The walk back up to the tenth floor is as long as it has ever been, but I'm used to it by now. It may not give me six pack abs, but I'll bet I can outrun anyone who might try to make a meal of me.

My hallway was even darker than Max's. I think in the entire length there might be all of two lights that still work. And time will solve that omission, because the landlord certainly won't be falling over himself to clean up this floor anytime soon.

No real reason to put a lock on my door, nothing to take anyway. I kicked it open, the hinges screeched but decided to hold just this one more time.

The place had the sczuzzyness that only countless owners and not a single cleaning can grow. Like the rest of the building, the walls had been white once, the key word being 'once'. Now they're more of a dark gray working their way towards a splotched black, like it was a race with the ugliest wall winning.

I peeled the jacket off my still damp fur.
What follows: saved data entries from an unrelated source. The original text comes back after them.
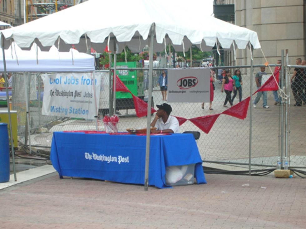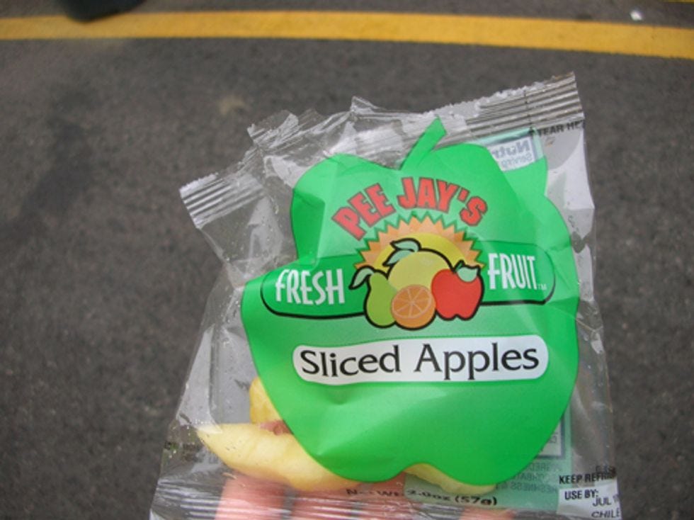 1: 10 PM --There is something suspicious about the free fresh fruit at the Washington Post booth. Arielle seeks out more Kettle Corn.
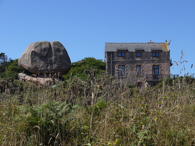 Von Port Blanc war es heute nur noch ein Katzensprung bis Trestraou (ein Vorort von Perros-Guirec), von wo wir die rosa Granitküste erkunden wollten. Gegen 9.30 Uhr erreichten wir den Ort und liefen dann den "Sentier des Douaniers" - einen ehemaligen Schmugglerpfad entlang bis Ploumanac'h. Die rosa Murmeln, die hier überall herum liegen sind wirklich beeindruckend und teilweise hausgroß. In vielen sieht man mit etwas Fantasie Gegenstände und Lebewesen wie ein Flasche, Austern, Gesichter und diverse Tiere. Bis etwa 15.30 Uhr erkundeten wir die Küste und kehrten dann zurück in Trestraou in ein Lokal ein, um Muscheln zu essen. Sascha hatte einen großen Topf mit klassischer Weißwein-Marinade und Jana à la Provencale mit Tomaten und Basilikum. Lecker! Dann fuhren wir mit unserem Camper noch bis St.-Michel-en-Grève, wo wir einen sehr schönen Campingplatz fanden. Der ist sehr großzügig angelegt mit viel grün, einem Pool, einer (leider schlecht gepflegten) Minigolfanlage, Trampolins, Basketballplatz usw. Wir probierten die Minigolfanlage aus, waren aber mit den krummen und bröckelnden Bahnen nicht sonderlich glücklich. Also hüpften wir in unsere Badesachen und stürmten den Pool. Das Abendbrot fiel heute einmal aus, denn wir wahren noch so voll von unseren Muscheln.
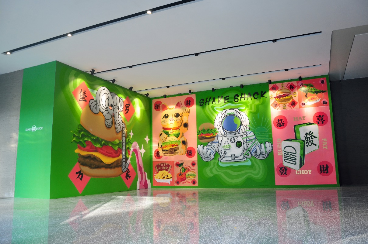 圍擋的室內(nèi)部分采用創(chuàng)新的互動(dòng)形式,由藝術(shù)家現(xiàn)場親自手繪完成的8幅單元涂鴉畫板組合而成。藝術(shù)家用摩登時(shí)尚的波譜藝術(shù),向當(dāng)?shù)刭e客們奉送出中國傳統(tǒng)的祝福及Shake Shack的活力熱情。
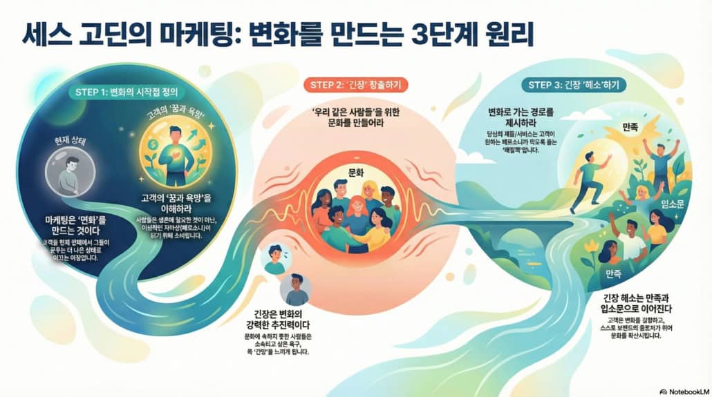 예를 들어, 우리가 흰색 티셔츠를 판매한다고 하자. 기존의 마케팅은 모델에게 옷을 입히고 “이 제품을 사세요”라고 말한다. 하지만 세스 고딘의 방식은 다르다. 그는 평범한 사람들이 그 티셔츠를 입고 홍대 거리에서 자유롭게 노는 장면을 보여준다. 이때 소비자는 광고를 보는 것이 아니라, “하얀 티셔츠를 입은 새로운 라이프스타일”을 본다. 그리고 문득 깨닫는다. “나도 저 사람들처럼 자연스러우면서 세련된 느낌을 갖고 싶다.” 이때 생기는 작고 불편한 감정, 즉 ‘내가 아직 그 안에 속하지 못했다’는 긴장이 일어난다. 그리고 그 긴장을 해소하기 위해 티셔츠를 구매한다. 이것이 바로 세스 고딘이 말한 ‘긴장과 해소의 메커니즘’이다.

Drat, I should have cleaned it while I was still downstairs. A small miracle, my sink is actually working today. Plugging it with a wad of old paper is the best I can do, the stopper was lost long before I got here. A soak in cold water overnight is all my jacket going to get, with any luck they won't hassle me over it too much in the morning.

Back past the desk with my journal still on it. The closest thing I've got to a bed are a few not quite dirty blankets on an old mattress, forming a nest of sorts. Good thing it doesn't get too cold around here, a fur coat will only go so far.

My life in a nutshell, it's a Sunday evening at 8:30 and I'm already in bed. I'm awesome.